A common retirement strategy is to gradually increase your portfolio’s bond allocation as you get older (or at least maintain it at a conservative level). But new research puts a twist on how to manage your asset allocation “glide path.”
A recent article by academic Wade Pfau and financial planner Michael Kitces in The Journal of Financial Planning suggests you can increase the odds of sustaining your nest egg by starting with an unusually high fixed-income allocation when you retire, and then gradually lowering it as you get through the danger zone.

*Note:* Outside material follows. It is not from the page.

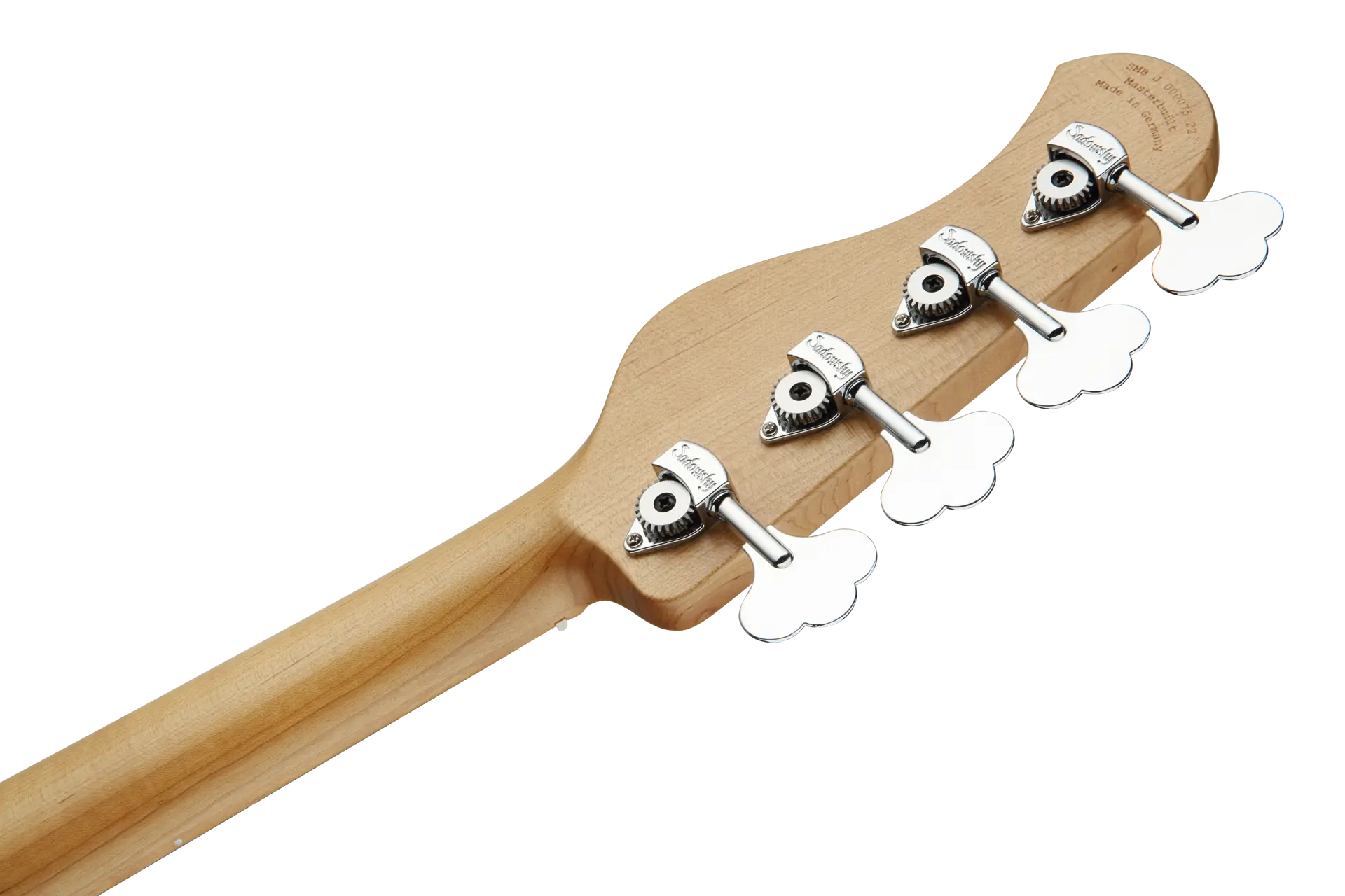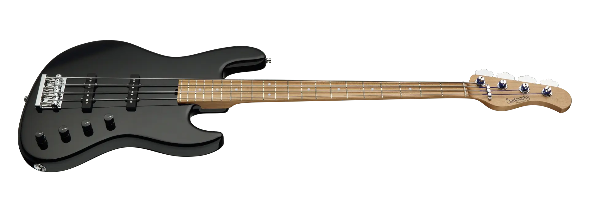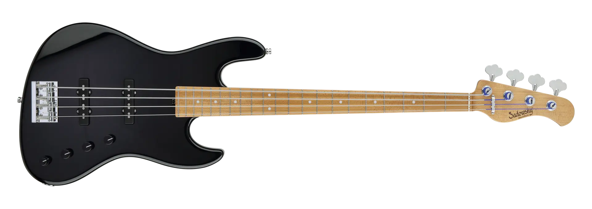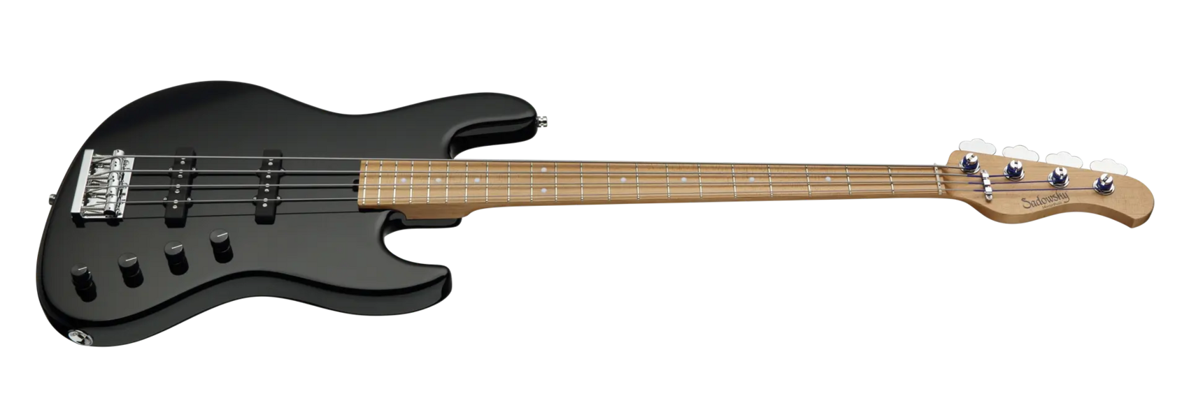 Der Sadowsky MasterBuilt 21-Fret Standard J/J Bass sieht nicht nur gut aus, er spielt und klingt auch fantastisch! Ausgestattet mit der berühmten Sadowsky-Elektronik, erhalten Sie den speziellen Sadowsky-Ton: Niemals harsch oder schrill klingend, mit starken, kraftvollen (aber niemals matschigen!) Bässen, Mitten, die präsent, aber nicht zu aggressiv sind, und einem süßen und luftigen Höhenbereich. Diese 4-saitige Version hat einen schlanken, unterdimensionierten J-Style-Korpus aus amerikanischer Sumpfesche (chambered), der in einem Solid Black High Polish lackiert ist. Der Hals ist aus geröstetem amerikanischem Ahorn gefertigt und hat ein Griffbrett aus geröstetem amerikanischem Ahorn. Zu den besonderen Merkmalen dieses Basses gehören zwei brummfreie Sadowsky J-Style Pickups, eine aktive Elektronik mit True Bypass, Treble und Bass Boost und Vintage Tone Control. Außerdem verfügt er über leichte, offene Sadowsky-Mechaniken und eine Sadowsky Quick String Release Bridge. Dieser Bass wird ausschließlich in unserer Werkstatt in Deutschland hergestellt und wiegt nie mehr als 3,8 kg. Eine gute Wahl für Bassisten, die einen schönen und leichten Bass suchen, der einen modernen Bass-Sound bietet.

The suggestion that you should increase your equity allocation as you age—and therefore increase your risk of major losses—has stirred controversy in financial planning circles. But Pfau provides a commonsense interpretation: “You can get more downside protection starting at 30% stocks and then working your way back to 60% stocks, rather than staying at 60% stocks and 40% bonds the whole time,” says the professor of retirement income at the American College in Bryn Mawr, Pa. You never have a higher equity allocation than you would otherwise have had, Pfau says. But you get very conservative in the first several years of retirement, “and you work your way back up from a lower level.”
Moshe Milevsky, professor of finance at York University’s Schulich School of Business, says this research is provocative, though it shouldn’t be considered conclusive. Note that you would need to be prepared to put up with the lower expected return during those years, and you may find it emotionally unappealing to increase your equity exposure later in retirement.